RF can be used to find location to a reasonable resolution based on triangulating with signal strength. However, various things mess up the received signal strength. If you go with RF, use a low frequency compared to things like WiFi and many other RF systems. We used 434 MHz, which is one of the ISM frequencies. On that band it is permissible to send a short message of a limited power once every 10 seconds unless the user deliberately initiates some action. Higher frequencies get diffracted and obstructed more in a indoor enviroment. Then there are issues of varying received signal strength due to polarization.
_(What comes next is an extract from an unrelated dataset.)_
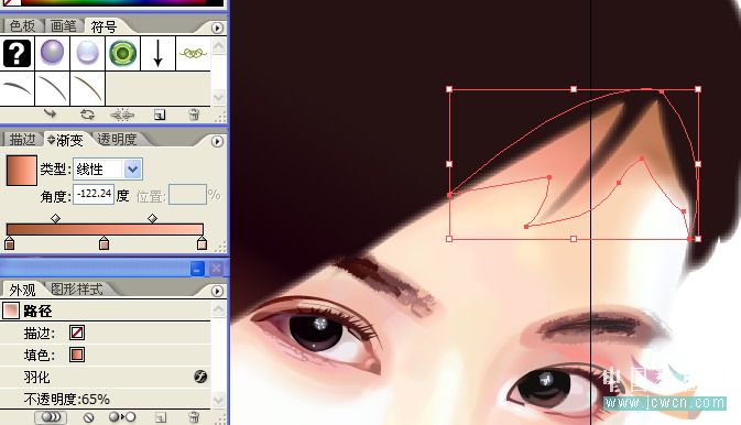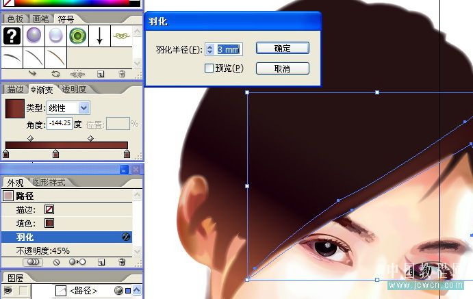 94接下來我們開始繪制頭發,我們先在主發層上撲上大體色塊,頭發前部的顏色比較淡,運用下由棕黑到棕色的漸變來處理這一區域,羽化效果為3,透明度為45%。

There are ways to deal with that, but that would be a whole discourse on its own.

You might be tempted to try to find location by measuring time of arrival - at least until you do the math. At only a nanosecond per foot, the multiple receivers have to be very accurately synchronized. Even more difficult, they have to be able to determine some common event in the transmission to the resolution of a single carrier cycle, but of course the bandwidth limitations will only allow small changes between adjacent carrier cycles. Basically, if you have to ask here, RF time of arrival is way over your head and probably your budget.

IR does basically what you want, except for the fact that it is easily blocked by your body and clothes. It's not going to work in a pocket. It can work clipped to the shirt, but not if it gets covered by a lapel or a sweater or something. IR will generally bounce around a room nicely, but not much power makes it thru the relatively small doorway. If you can deal with the occlusion problems, it is a pretty good way to localize a tag within a room, since walls are opaque to IR.

Ultrasound also won't go thru walls, but bounces around a room less well. It can go thru a thin layer of clothing sometimes and sometimes not. There is also a lot more ambient ultrasound noise than RF or IR. Even if the tag is worn on the chest and is not covered and the transmitter is facing out (it's real easy to have a tag flip transmitter side to the chest), there is still a reasonable chance of a message not getting thru. You can do useful time of arrival triangulation with ultrasound since it is so slow (takes about 3 ms/m), but that also means the data rate is very slow. If these tags can emit a single ping, then you don't care about data rate. If you need to identify multiple tags, then you have to send some sort of information with each message. We ended up encoding information in the timing between short bursts. But, keep in mind that there is a inherent lower limit on time between bursts. You can't send a new one until the last one is done echoing around the environment else receivers will get confused. In practise, you need to wait for about 10 meters of propagation for things to die down between bursts. The customer may have filed for a patent on this, I'm not sure.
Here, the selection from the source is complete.